Vielzahl an Enttäuschungen
Martin Weiss in Kapitalschutz Akte zum Thema Kapitalschutz
vom 19. Oktober 2009, 07:30 Uhr
ENL5454
In der abgelaufenen Handelswoche erreichte der deutsche Leitindex ein neues Jahreshoch. Zwischenzeitlich kletterte er auf ein Niveau von knapp 5900 Punkten, ehe es zum Wochenschluss hin wieder nach unten ging.
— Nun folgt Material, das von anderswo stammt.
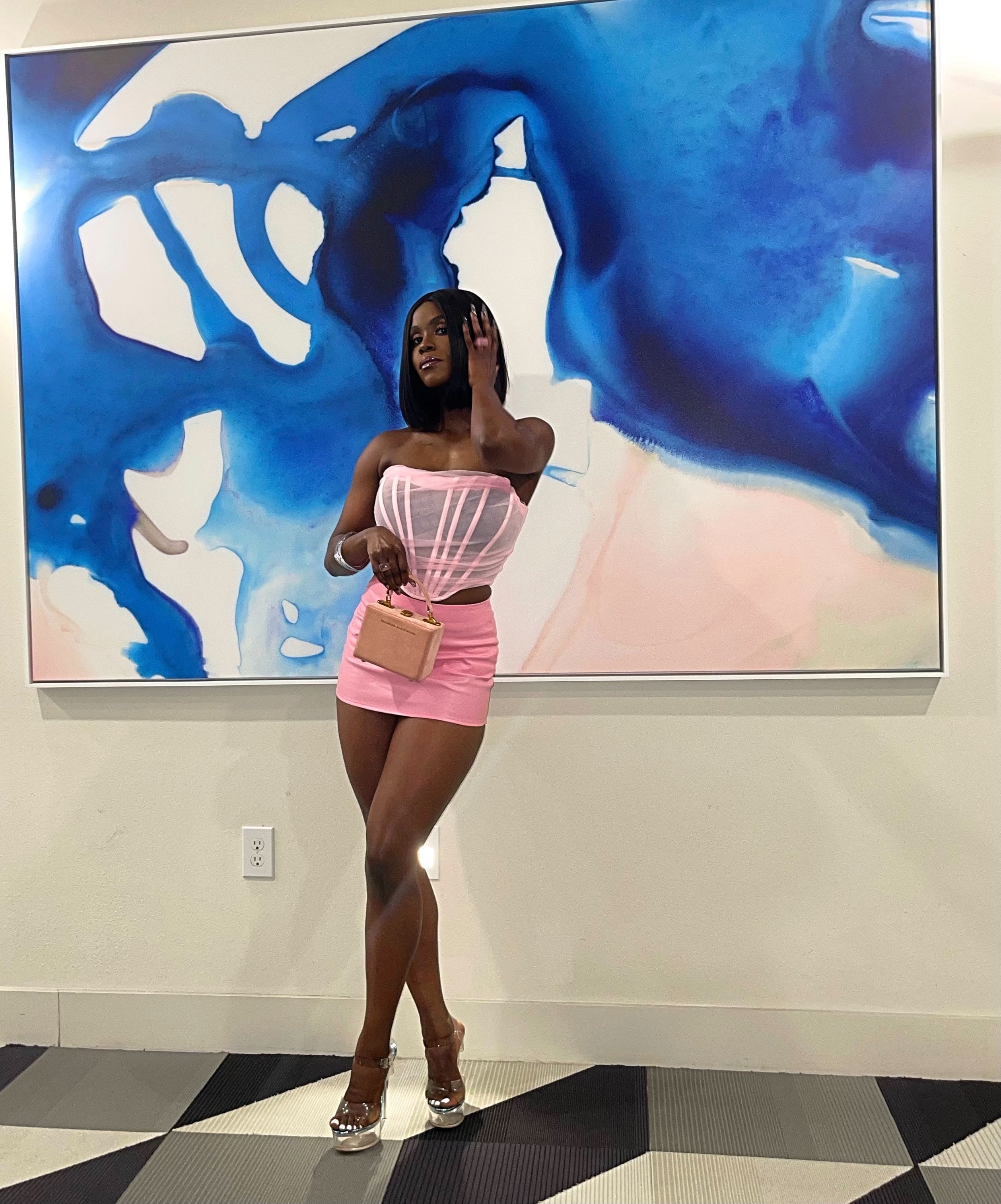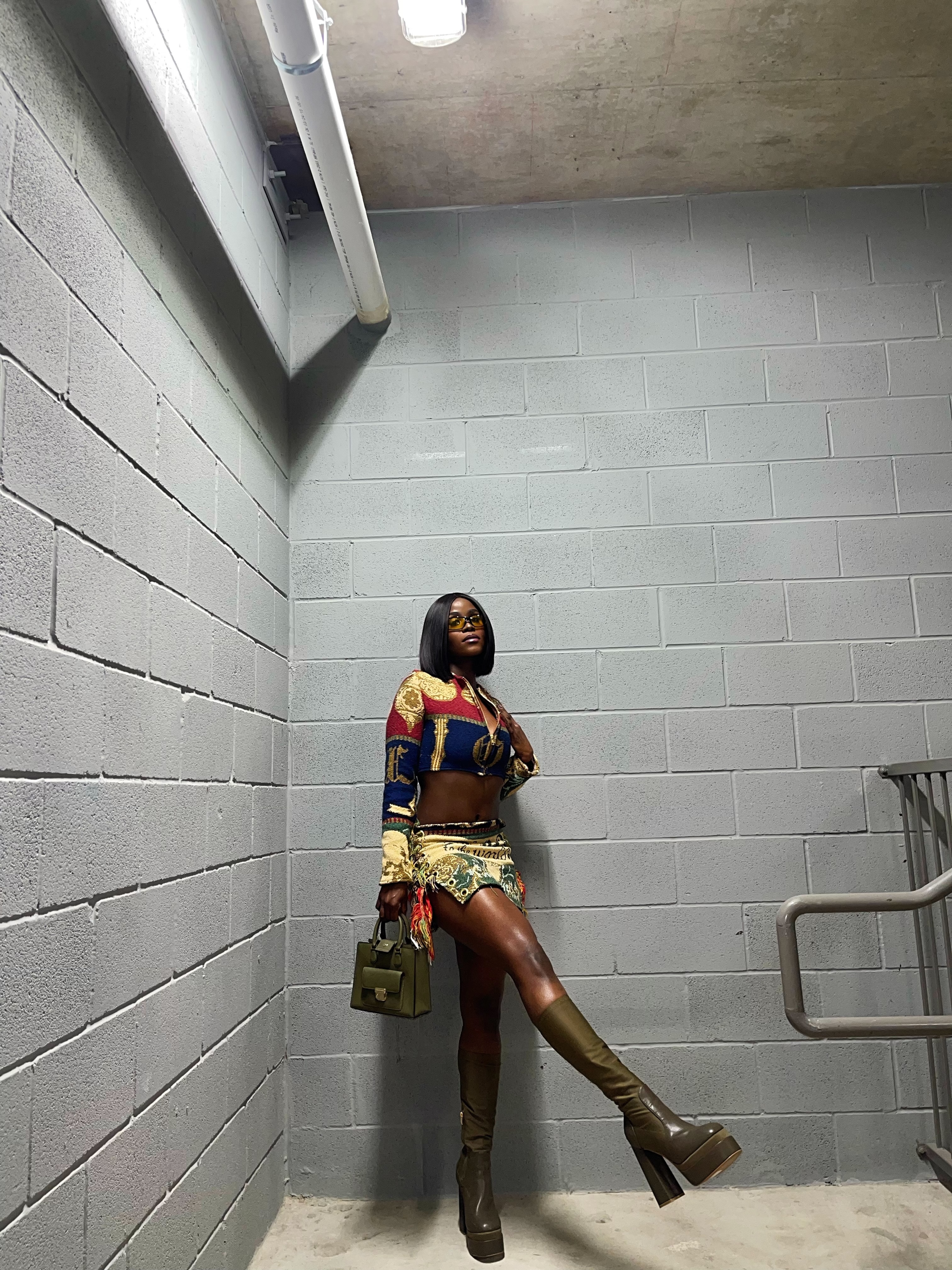 She says, “My style is a good mixture of tomboy with a splash of sexy. It can range from edgy to streetwear, to chic! I live for great monochromatic looks and two piece sets.”

Dennoch erwartet der breite Konsens der Marktbeobachter, dass das deutsche Kursbarometer schon relativ bald die psychologisch wichtige 6000er-Marke erreicht. In den USA erklomm der Dow Jones in der vergangenen Woche die 10000er-Hürde, die er aber am Freitag nicht verteidigen konnte. Der marktbreite S&P500 stieg um 1,5 Prozent auf 1087 Punkte. Am Ende der Woche war der japanische Leitindex mit einem Plus von 4,3 Prozent der Performance-Primus.
Enttäuschende Zahlen von GE
Entgegen des massenmedialen Erholungskonsenses fielen in der Vorwoche doch einige Unternehmenszahlen sehr enttäuschend aus. Als Beispiel sei hier nur der Industriegigant General Electric erwähnt. Die Umsätze im dritten Quartal fielen um ein Fünftel auf unter 40 Milliarden Dollar. Auch beim Auftragseingang sieht es nach wie vor düster. Ein Minus von 18 Prozent spricht Bände. Von einer Trendwende kann keine Rede sein. Im Gegenteil, der Konzern versucht mit einem hartem Sparprogramm gegenzusteuern.
Bank of America mit hohem Verlust
Auch die Quartalszahlen der größten US-Bank, Bank of America, fielen überraschend schwach aus. Es wurde ein Verlust von 2,2 Milliarden Dollar ausgewiesen. Vor allem bei den Konsumentenkrediten gibt es massive Probleme. Allein im dritten Quartal mussten fast eine Milliarde Dollar abgeschrieben werden. Vor einem Jahr wies die Bank noch einen Gewinn von mehr als 700 Millionen Dollar aus. So viel zum Thema Ende der Finanzkrise".
Drastische Zunahme der Zwangsversteigerungen
Und auch die Krise am US-Immobilienmarkt ist alles andere als ausgestanden. Im dritten Quartal diesen Jahres stieg die Zahl der Versteigerungsanträge um sage und schreibe 23 Prozent im Vergleich zum Vorjahr an. Und auch gegenüber dem Vorquartal betrug das Plus fünf Prozent. Für das Gesamtjahr 2009 werden nun insgesamt ungefähr 3,5 Millionen Zwangsversteigerungen erwartet. Eine Zunahme von mehr als fünfzig Prozent gegenüber 2008 spricht für sich.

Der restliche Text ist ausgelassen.